The rebirth of Eastern European fashion house Nehera
Over the last few years, it has become fashionable to reinvigorate sleepy fashion houses; note the success of Carven, Delpozo, and, of course, Céline. Unlike those former couture designers, Jan Nehera was a Czechoslovakian entrepreneur renowned for his garment manufacturing in the first half of the 20th century. He opened over 130 fashion stores throughout Europe, Russia, USA and Northern and South Africa in the thirties before the developments of WWII halted business.
Skip to 1998, and the forgotten name, Nehera, was acquired by Ladislav Zdut, an expert in marketing and brand management. He got Samuel Drira in 2014 to run the creative side and reposition the name in the luxury sector. Drira, a French stylist and creative consultant who has worked with top tier luxury brands including Hermès, The Row and Christophe Lemaire, is also founder and editor of the Parisian magazine Encens, which portrays and discusses fashion as an art form, operating outside of seasonal trends.

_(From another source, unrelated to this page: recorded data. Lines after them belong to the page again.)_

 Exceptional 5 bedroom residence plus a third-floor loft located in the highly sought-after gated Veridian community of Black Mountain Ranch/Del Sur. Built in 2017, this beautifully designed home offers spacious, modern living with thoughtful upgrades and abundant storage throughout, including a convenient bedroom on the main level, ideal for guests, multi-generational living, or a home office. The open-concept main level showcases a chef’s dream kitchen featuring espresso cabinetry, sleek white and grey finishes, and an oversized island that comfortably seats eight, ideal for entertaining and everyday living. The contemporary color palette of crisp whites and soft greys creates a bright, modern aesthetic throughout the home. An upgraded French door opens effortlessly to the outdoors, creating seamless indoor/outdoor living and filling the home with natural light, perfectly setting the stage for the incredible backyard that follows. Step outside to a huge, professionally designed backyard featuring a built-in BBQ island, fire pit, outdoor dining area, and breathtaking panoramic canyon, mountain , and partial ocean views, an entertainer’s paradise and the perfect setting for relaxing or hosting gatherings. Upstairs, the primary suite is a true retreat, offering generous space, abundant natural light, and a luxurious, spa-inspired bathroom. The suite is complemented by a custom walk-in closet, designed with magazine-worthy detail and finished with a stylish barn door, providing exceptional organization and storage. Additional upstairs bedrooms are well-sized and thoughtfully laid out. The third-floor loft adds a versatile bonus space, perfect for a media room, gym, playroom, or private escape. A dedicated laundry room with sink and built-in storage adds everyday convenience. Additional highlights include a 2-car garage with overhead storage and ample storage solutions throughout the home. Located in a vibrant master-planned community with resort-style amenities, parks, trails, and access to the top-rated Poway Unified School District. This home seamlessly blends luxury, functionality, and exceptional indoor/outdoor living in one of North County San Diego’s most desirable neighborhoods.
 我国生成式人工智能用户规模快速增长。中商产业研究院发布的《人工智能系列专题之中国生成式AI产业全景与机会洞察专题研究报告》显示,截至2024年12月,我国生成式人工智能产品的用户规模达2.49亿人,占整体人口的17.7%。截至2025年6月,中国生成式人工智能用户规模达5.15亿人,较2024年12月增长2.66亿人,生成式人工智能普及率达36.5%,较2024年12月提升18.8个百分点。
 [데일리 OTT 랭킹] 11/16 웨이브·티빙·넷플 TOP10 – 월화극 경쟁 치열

Indeed, that’s precisely the tack Drira is taking with Nehera. ’The title of the first collection for S/S 2015 was "Blank Canvas"; we had to invent everything from scratch,’ he explains. ’We spent two months thinking about the basics; like "What is a white shirt? How should the collar be? The pocket? The cut?" I don’t think a designer anymore is someone who just makes a beautiful sketch, that’s a cliché, and that’s what I learnt from the designers I worked with in the past.’
Drira, who splits his time between Paris and the studio in Bratislava, showed his third Nehera collection for A/W 2015 at Paris fashion week in March. Rather than focusing on individual garments, Drira considers the whole silhouette, taking care to position details like trouser pockets in line with vents in an accompanying jacket or shirt. ’The shape of a comma provided the framework the silhouette. The finished look had a very narrow shoulder; there were elongated jackets with a big slit on the back so you can tie it and keep some volume.’

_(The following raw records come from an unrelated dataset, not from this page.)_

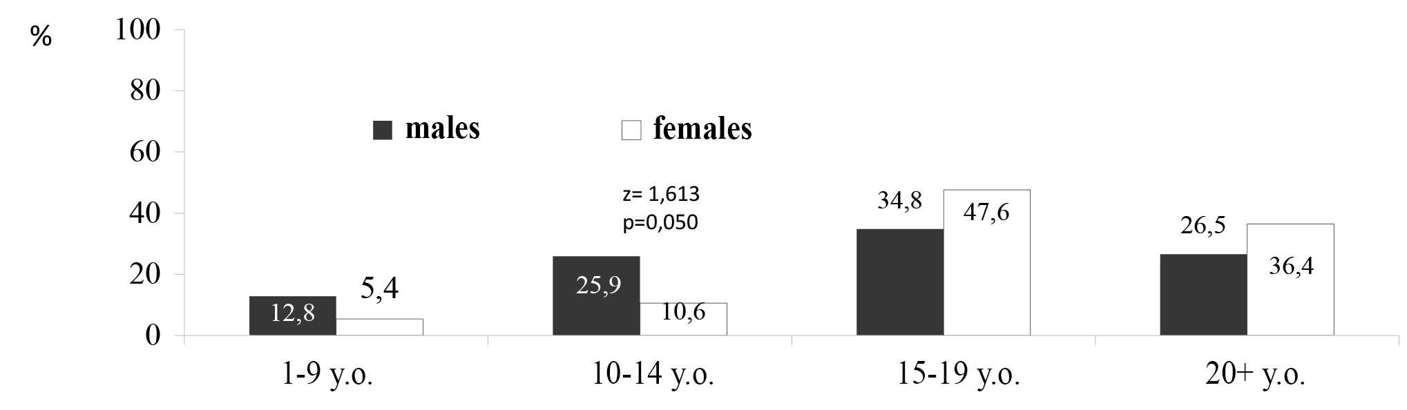 Fig. 3. "Blood vessels age" exceeding formal age of examined students, %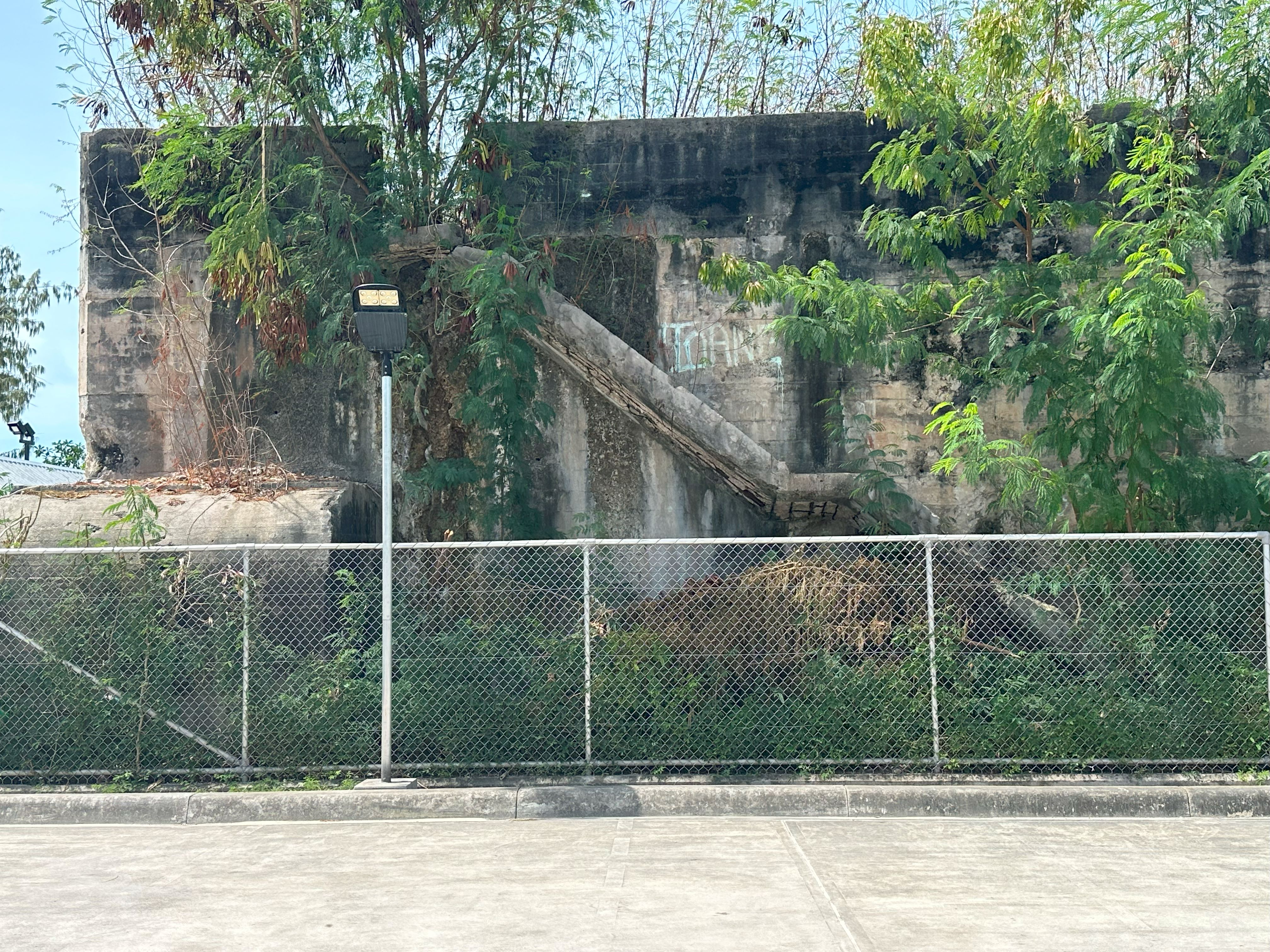 Today the structure, bordered by a basketball court and church, is where UXO (unexploded ordnance) is stored. Photo credit Michael Garside.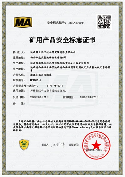 陕煤研究院四款液压支架用产品取得矿用产品安全标志证书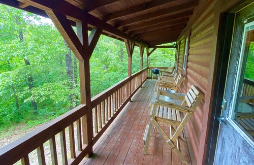 Somebody once said: "Leave the road, take the trails." Not sure who said it, but we bet their inspiration was the Wilderness Cabin. Here on the mountaintop, wilderness abounds: flora and fauna, beast and bird. This is why keen adventurers choose the Wilderness cabin as their home base. Whether it be big buck, turkey, coon, skunk, squirrel, bear, bobcat, small and large mouth, red cockaded woodpecker, North American Yeti, or even the mythic black panther, this cabin was born wild and lives wild, and you will too. The Wilderness sleeps 9, but only because adventurers, like all God's creatures, need to rest on occasion. With a fully stocked open kitchen with dishwasher, oven, stove, refrigerator and microwave, and dining room table, your tribe can all contribute to meal prep. The downstairs living quarters comes complete with a gas fireplace, satellite television, pull out sleeper sofa as well as two bedrooms and one full bath. Lofted upstairs are a queen-sized bed and twin, washer and dryer and full bath. Wilderness watch from the back or front porch, cookout on the charcoal grill and dine outdoors on your very own picnic table. Enjoy Mena Mountaintop Vista Picnic Area and Firepit, Free Wi-fi, Cell Service, Ride-in access to Wolf Pen Gap Trails. If Nature is calling you, the Wilderness is waiting. (Mena Mountaintop Cabins... Our Cabins are Tops!)

The benefit of reinvigorating an under-the-radar brand means Drira can design without the shackles of history or an extensive archive. ’It’s not like working for a designer like Yves Saint Laurent,’ he readily admits. But, he is quick to point out, original founder Jan Nehera was a visionary in his own right. ’If you look back into history, around Prague and Vienna, which Bratislava is very close to, everybody was obsessed by the future and its optimism. In the painting and the literature [of the time] you see that, and Jan Nehera introduced something that had not been seen before; that was ready to wear. This is very inspiring somehow because he jumped into the unknown and it was an adventure, it wasn’t just a business.’